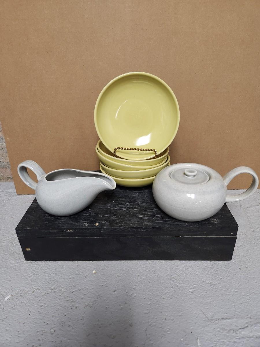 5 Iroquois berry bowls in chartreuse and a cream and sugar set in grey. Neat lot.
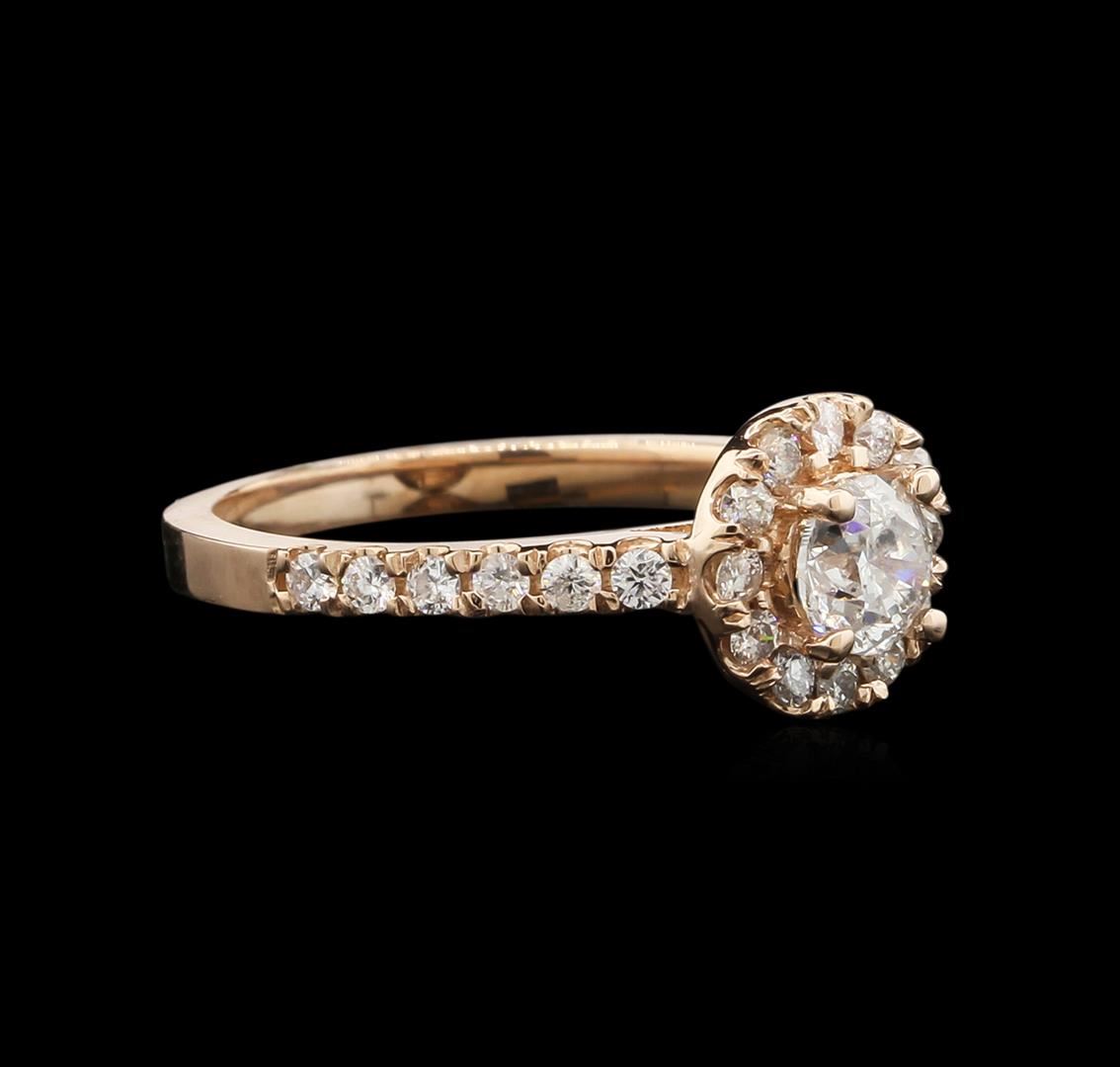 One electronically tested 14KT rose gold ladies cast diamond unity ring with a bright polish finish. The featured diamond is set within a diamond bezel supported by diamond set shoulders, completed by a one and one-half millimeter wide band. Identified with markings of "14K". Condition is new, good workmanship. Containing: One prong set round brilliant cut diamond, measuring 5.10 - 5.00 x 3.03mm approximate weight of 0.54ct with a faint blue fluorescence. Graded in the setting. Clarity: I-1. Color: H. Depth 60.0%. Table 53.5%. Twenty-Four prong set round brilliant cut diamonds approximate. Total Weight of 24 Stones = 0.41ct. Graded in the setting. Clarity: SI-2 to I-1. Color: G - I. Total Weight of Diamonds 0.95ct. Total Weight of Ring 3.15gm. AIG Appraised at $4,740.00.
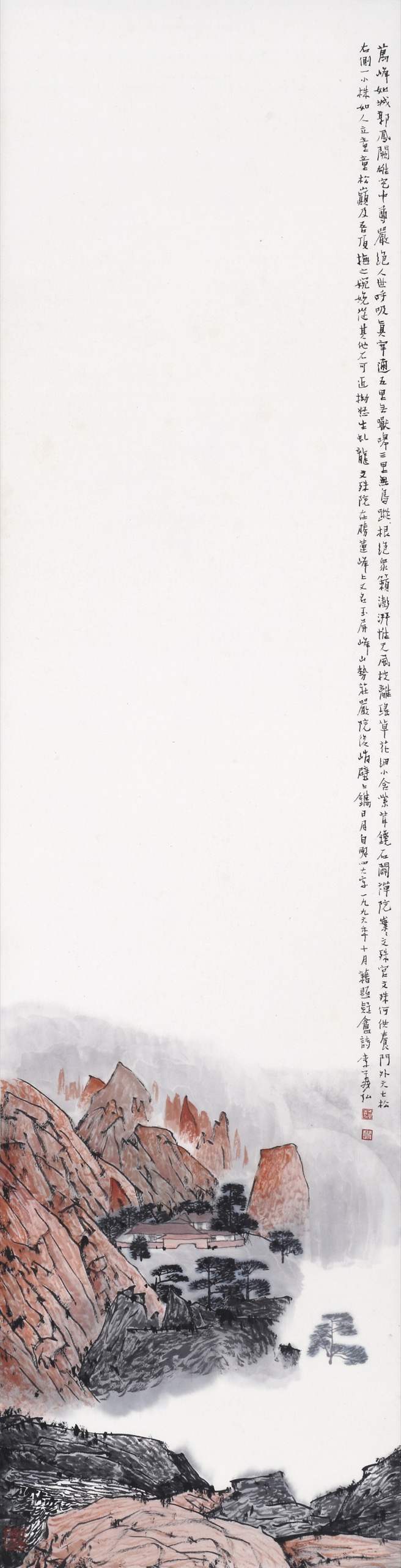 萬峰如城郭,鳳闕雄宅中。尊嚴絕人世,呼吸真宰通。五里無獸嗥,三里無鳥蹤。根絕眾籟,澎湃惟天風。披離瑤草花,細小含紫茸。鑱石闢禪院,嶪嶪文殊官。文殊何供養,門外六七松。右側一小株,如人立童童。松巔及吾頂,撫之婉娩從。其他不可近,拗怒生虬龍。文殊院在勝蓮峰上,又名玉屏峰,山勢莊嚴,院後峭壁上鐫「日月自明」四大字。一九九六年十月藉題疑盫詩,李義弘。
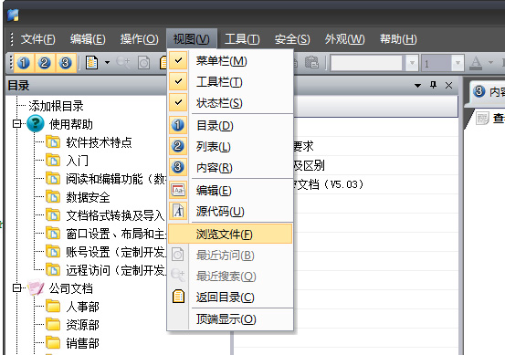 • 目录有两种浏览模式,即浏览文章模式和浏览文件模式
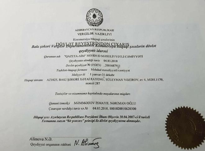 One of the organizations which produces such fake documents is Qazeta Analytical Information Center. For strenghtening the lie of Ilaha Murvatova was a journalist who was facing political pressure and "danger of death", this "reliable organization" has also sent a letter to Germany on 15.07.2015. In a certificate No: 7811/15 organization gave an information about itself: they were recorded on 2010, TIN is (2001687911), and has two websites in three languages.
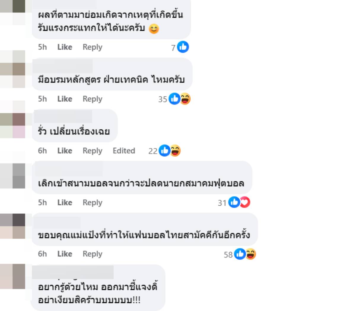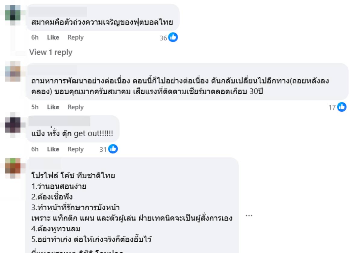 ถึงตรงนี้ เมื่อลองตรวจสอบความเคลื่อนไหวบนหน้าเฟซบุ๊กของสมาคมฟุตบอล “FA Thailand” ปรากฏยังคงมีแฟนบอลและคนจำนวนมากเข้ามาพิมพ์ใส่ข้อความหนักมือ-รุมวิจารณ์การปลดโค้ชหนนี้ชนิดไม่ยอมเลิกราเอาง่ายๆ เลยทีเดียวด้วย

---

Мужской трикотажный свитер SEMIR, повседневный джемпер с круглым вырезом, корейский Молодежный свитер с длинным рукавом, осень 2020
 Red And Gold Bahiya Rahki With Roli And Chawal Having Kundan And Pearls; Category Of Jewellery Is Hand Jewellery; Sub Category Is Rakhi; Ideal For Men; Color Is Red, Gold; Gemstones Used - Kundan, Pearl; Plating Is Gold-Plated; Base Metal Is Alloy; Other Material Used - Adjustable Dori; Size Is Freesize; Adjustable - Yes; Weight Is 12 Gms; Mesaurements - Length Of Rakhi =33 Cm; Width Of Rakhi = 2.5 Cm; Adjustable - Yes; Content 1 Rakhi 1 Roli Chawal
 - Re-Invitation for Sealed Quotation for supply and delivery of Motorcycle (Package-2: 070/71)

■ **INSTRUCTIONS TO FOLLOW**: Reproduce, word for word and in full, only the lines above that start at the line with "Мужской трикотажный свитер" and run through the line with "- Re-Invitation for", both ends included.

■ **EXERCISE RESPONSE**:
Мужской трикотажный свитер SEMIR, повседневный джемпер с круглым вырезом, корейский Молодежный свитер с длинным рукавом, осень 2020
 Red And Gold Bahiya Rahki With Roli And Chawal Having Kundan And Pearls; Category Of Jewellery Is Hand Jewellery; Sub Category Is Rakhi; Ideal For Men; Color Is Red, Gold; Gemstones Used - Kundan, Pearl; Plating Is Gold-Plated; Base Metal Is Alloy; Other Material Used - Adjustable Dori; Size Is Freesize; Adjustable - Yes; Weight Is 12 Gms; Mesaurements - Length Of Rakhi =33 Cm; Width Of Rakhi = 2.5 Cm; Adjustable - Yes; Content 1 Rakhi 1 Roli Chawal
 - Re-Invitation for Sealed Quotation for supply and delivery of Motorcycle (Package-2: 070/71)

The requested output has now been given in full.